[MATERIAL FOR THIS TASK — start]
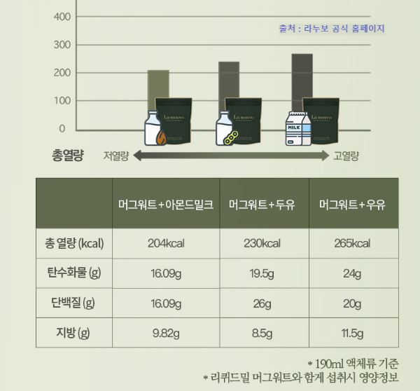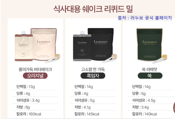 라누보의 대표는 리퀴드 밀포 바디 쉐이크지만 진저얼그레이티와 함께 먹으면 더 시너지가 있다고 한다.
[MATERIAL FOR THIS TASK — finish]
[MATERIAL FOR THIS TASK — start]
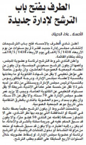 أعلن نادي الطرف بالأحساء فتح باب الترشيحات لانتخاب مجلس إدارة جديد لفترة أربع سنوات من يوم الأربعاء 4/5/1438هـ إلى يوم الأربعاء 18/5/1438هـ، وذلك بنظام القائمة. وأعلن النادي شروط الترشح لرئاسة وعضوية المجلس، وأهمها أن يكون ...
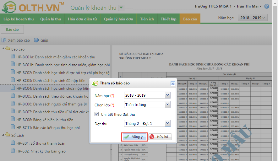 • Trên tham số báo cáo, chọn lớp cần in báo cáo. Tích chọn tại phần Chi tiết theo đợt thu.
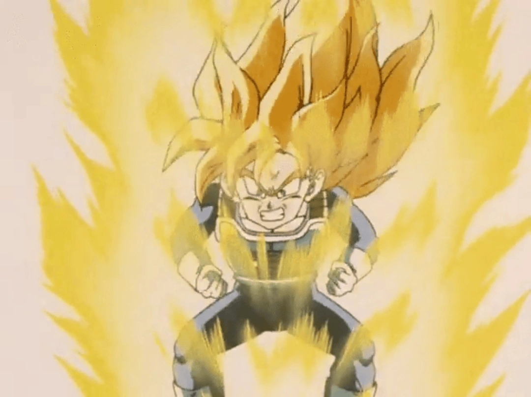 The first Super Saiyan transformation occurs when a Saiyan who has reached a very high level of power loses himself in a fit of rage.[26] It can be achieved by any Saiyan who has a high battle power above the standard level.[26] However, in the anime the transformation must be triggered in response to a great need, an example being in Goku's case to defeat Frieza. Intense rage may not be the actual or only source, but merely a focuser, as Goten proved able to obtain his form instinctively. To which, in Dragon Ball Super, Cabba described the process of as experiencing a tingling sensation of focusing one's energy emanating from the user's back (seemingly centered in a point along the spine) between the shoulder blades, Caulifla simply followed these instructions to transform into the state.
[MATERIAL FOR THIS TASK — finish]
_THE TASK:_
Everything from the line with "theo đợt thu." through the line with "The first Super" in the material above should be transcribed exactly, except the pictures.

_OUTPUT OF THE TASK:_
 • Trên tham số báo cáo, chọn lớp cần in báo cáo. Tích chọn tại phần Chi tiết theo đợt thu.
 The first Super Saiyan transformation occurs when a Saiyan who has reached a very high level of power loses himself in a fit of rage.[26] It can be achieved by any Saiyan who has a high battle power above the standard level.[26] However, in the anime the transformation must be triggered in response to a great need, an example being in Goku's case to defeat Frieza. Intense rage may not be the actual or only source, but merely a focuser, as Goten proved able to obtain his form instinctively. To which, in Dragon Ball Super, Cabba described the process of as experiencing a tingling sensation of focusing one's energy emanating from the user's back (seemingly centered in a point along the spine) between the shoulder blades, Caulifla simply followed these instructions to transform into the state.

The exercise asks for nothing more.